[INFORMATION SHOWN]:
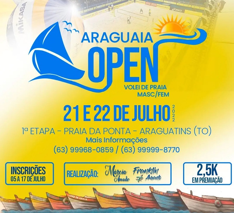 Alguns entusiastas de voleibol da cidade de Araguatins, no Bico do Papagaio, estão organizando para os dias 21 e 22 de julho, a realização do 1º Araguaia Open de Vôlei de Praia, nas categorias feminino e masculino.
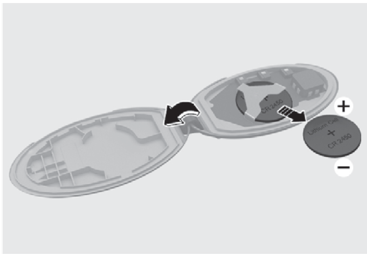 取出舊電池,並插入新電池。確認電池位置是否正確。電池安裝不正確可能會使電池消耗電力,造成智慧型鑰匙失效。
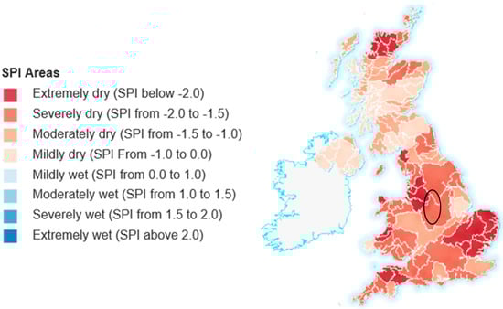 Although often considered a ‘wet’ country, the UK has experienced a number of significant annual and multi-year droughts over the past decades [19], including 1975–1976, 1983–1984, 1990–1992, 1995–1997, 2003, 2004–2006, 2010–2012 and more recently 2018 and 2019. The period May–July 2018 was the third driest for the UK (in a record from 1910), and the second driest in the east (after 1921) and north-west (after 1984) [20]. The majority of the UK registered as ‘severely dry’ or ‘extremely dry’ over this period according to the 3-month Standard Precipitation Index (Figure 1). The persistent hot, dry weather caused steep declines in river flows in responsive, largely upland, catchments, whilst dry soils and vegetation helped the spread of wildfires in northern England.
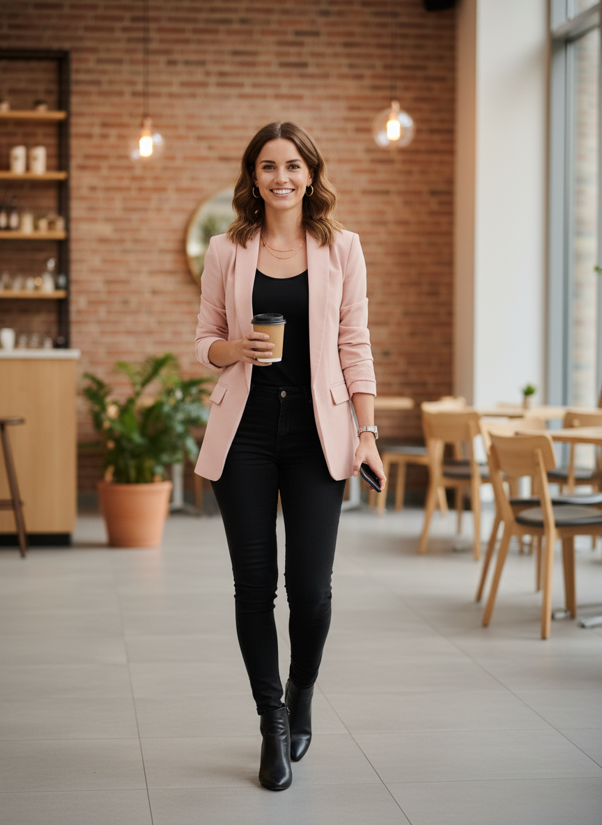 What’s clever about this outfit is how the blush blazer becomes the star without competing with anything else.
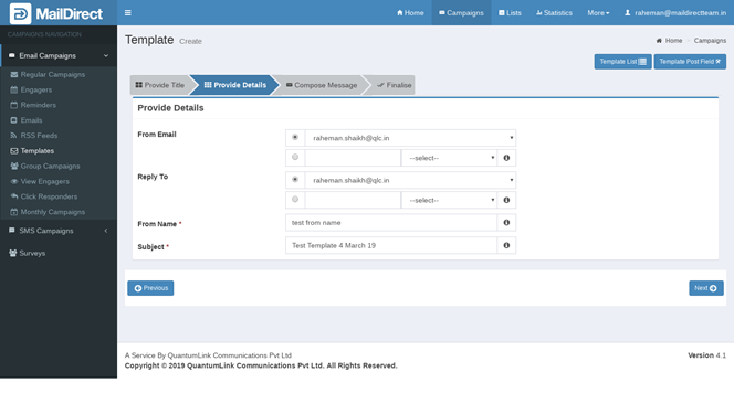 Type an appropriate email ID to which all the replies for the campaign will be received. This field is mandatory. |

[INSTRUCTIONS FOR THE TASK]: Exactly as they appear above, write out all the entries, but not the images.

[SOLUTION TO THIS TASK]:
 Alguns entusiastas de voleibol da cidade de Araguatins, no Bico do Papagaio, estão organizando para os dias 21 e 22 de julho, a realização do 1º Araguaia Open de Vôlei de Praia, nas categorias feminino e masculino.
 取出舊電池,並插入新電池。確認電池位置是否正確。電池安裝不正確可能會使電池消耗電力,造成智慧型鑰匙失效。
 Although often considered a ‘wet’ country, the UK has experienced a number of significant annual and multi-year droughts over the past decades [19], including 1975–1976, 1983–1984, 1990–1992, 1995–1997, 2003, 2004–2006, 2010–2012 and more recently 2018 and 2019. The period May–July 2018 was the third driest for the UK (in a record from 1910), and the second driest in the east (after 1921) and north-west (after 1984) [20]. The majority of the UK registered as ‘severely dry’ or ‘extremely dry’ over this period according to the 3-month Standard Precipitation Index (Figure 1). The persistent hot, dry weather caused steep declines in river flows in responsive, largely upland, catchments, whilst dry soils and vegetation helped the spread of wildfires in northern England.
 What’s clever about this outfit is how the blush blazer becomes the star without competing with anything else.
 Type an appropriate email ID to which all the replies for the campaign will be received. This field is mandatory. |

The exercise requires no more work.